> **Work task**:
Return only the lines of the data below from the line with "ผลการดำเนินงานของ กต.ตร.สภ.คลองขลุง ประจำเดือนมกราคม" up to and including the line with "来源:24直播网01-16 12:5424直播网01月16日讯 ,名记Tim", exactly as written, with the pictures omitted.
** Records to use follows **
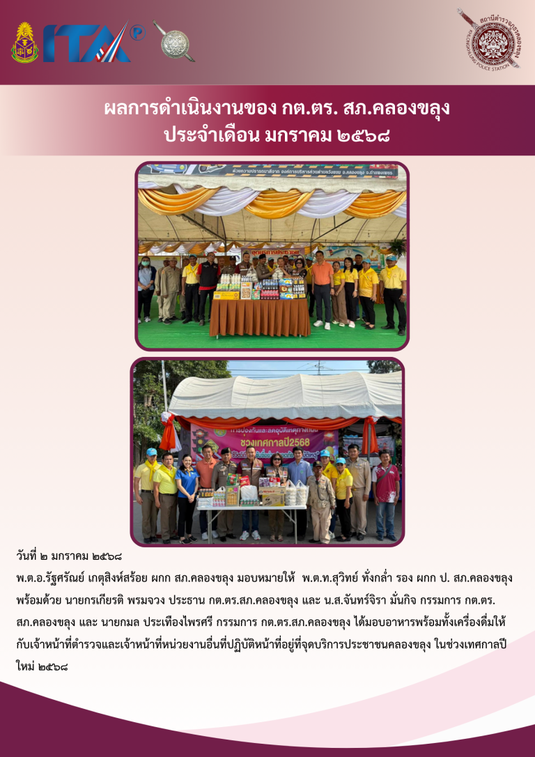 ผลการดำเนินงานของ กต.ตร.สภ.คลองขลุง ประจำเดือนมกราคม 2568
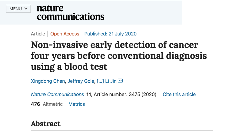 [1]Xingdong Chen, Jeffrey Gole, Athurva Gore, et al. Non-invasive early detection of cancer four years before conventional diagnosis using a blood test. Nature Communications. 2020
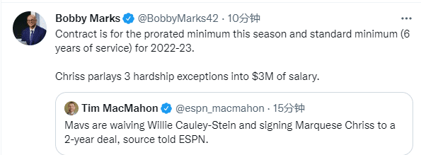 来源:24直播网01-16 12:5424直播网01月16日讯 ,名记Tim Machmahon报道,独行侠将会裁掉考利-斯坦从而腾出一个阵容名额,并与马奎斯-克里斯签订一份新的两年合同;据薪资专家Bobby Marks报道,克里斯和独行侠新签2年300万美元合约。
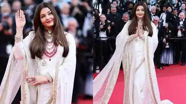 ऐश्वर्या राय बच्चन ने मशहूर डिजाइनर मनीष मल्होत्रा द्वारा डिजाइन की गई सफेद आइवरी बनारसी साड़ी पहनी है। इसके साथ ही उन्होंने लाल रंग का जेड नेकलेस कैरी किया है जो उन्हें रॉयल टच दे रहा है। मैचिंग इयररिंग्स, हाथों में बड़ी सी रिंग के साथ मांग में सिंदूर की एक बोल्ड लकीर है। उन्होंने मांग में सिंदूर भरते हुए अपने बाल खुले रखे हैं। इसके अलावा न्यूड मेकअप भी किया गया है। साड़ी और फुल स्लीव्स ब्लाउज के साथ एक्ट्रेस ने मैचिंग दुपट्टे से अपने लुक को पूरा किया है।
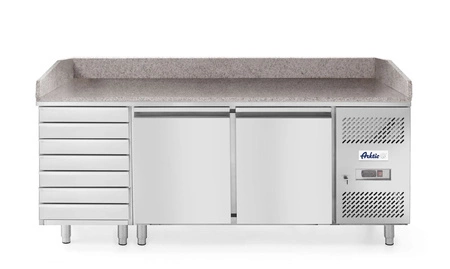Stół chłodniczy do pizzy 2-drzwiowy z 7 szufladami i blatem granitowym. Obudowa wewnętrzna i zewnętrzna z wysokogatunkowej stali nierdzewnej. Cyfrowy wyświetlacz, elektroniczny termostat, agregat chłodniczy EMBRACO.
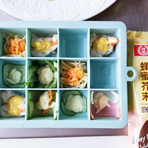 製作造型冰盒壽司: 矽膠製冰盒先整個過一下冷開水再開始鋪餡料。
** End of Records to use **
** Records to use follows **
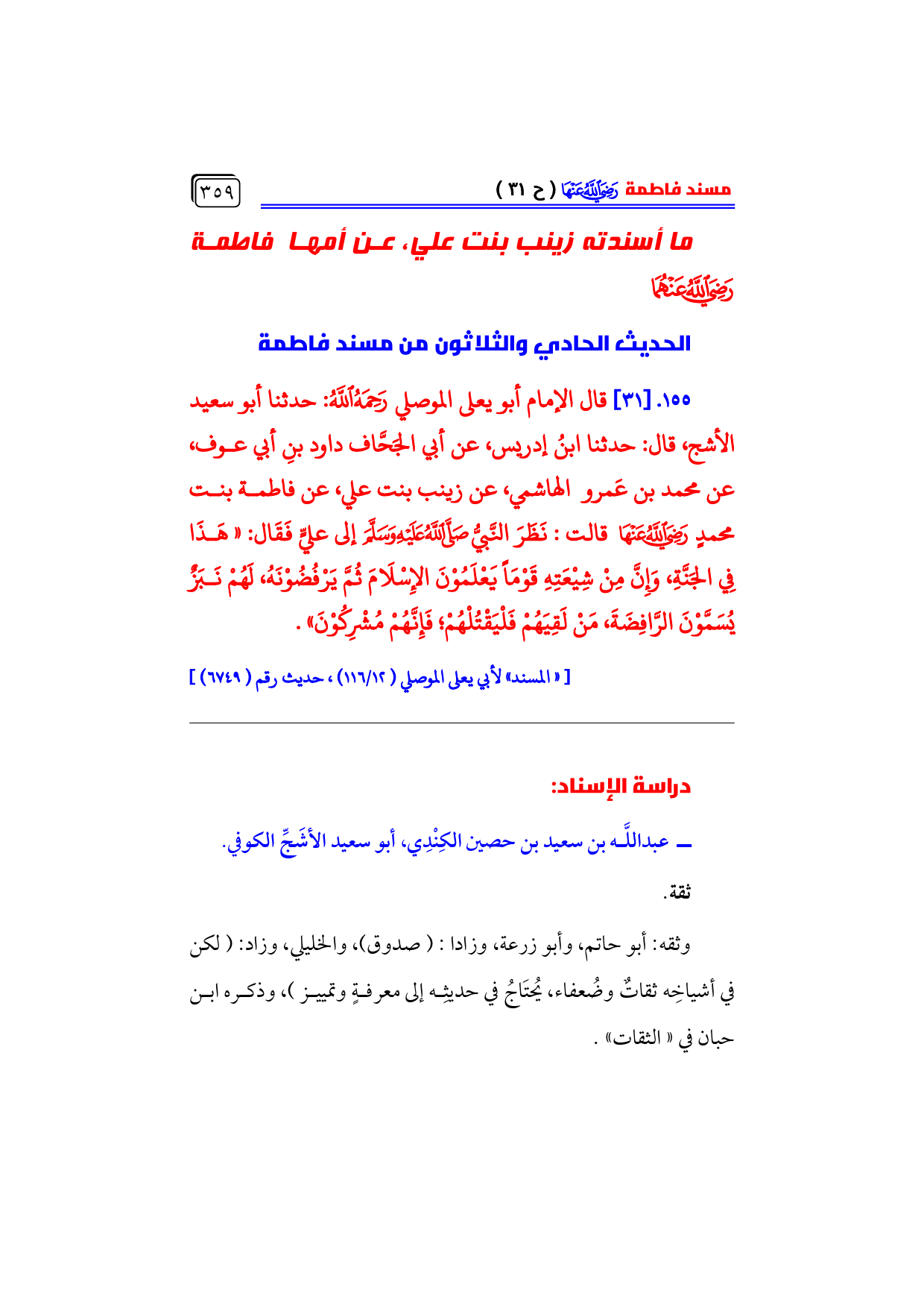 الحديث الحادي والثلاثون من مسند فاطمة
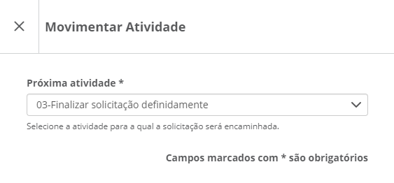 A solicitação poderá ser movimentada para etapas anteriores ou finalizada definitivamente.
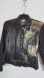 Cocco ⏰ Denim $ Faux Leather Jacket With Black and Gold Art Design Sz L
** End of Records to use **
> **Answer section**:
 ผลการดำเนินงานของ กต.ตร.สภ.คลองขลุง ประจำเดือนมกราคม 2568
 [1]Xingdong Chen, Jeffrey Gole, Athurva Gore, et al. Non-invasive early detection of cancer four years before conventional diagnosis using a blood test. Nature Communications. 2020
 来源:24直播网01-16 12:5424直播网01月16日讯 ,名记Tim Machmahon报道,独行侠将会裁掉考利-斯坦从而腾出一个阵容名额,并与马奎斯-克里斯签订一份新的两年合同;据薪资专家Bobby Marks报道,克里斯和独行侠新签2年300万美元合约。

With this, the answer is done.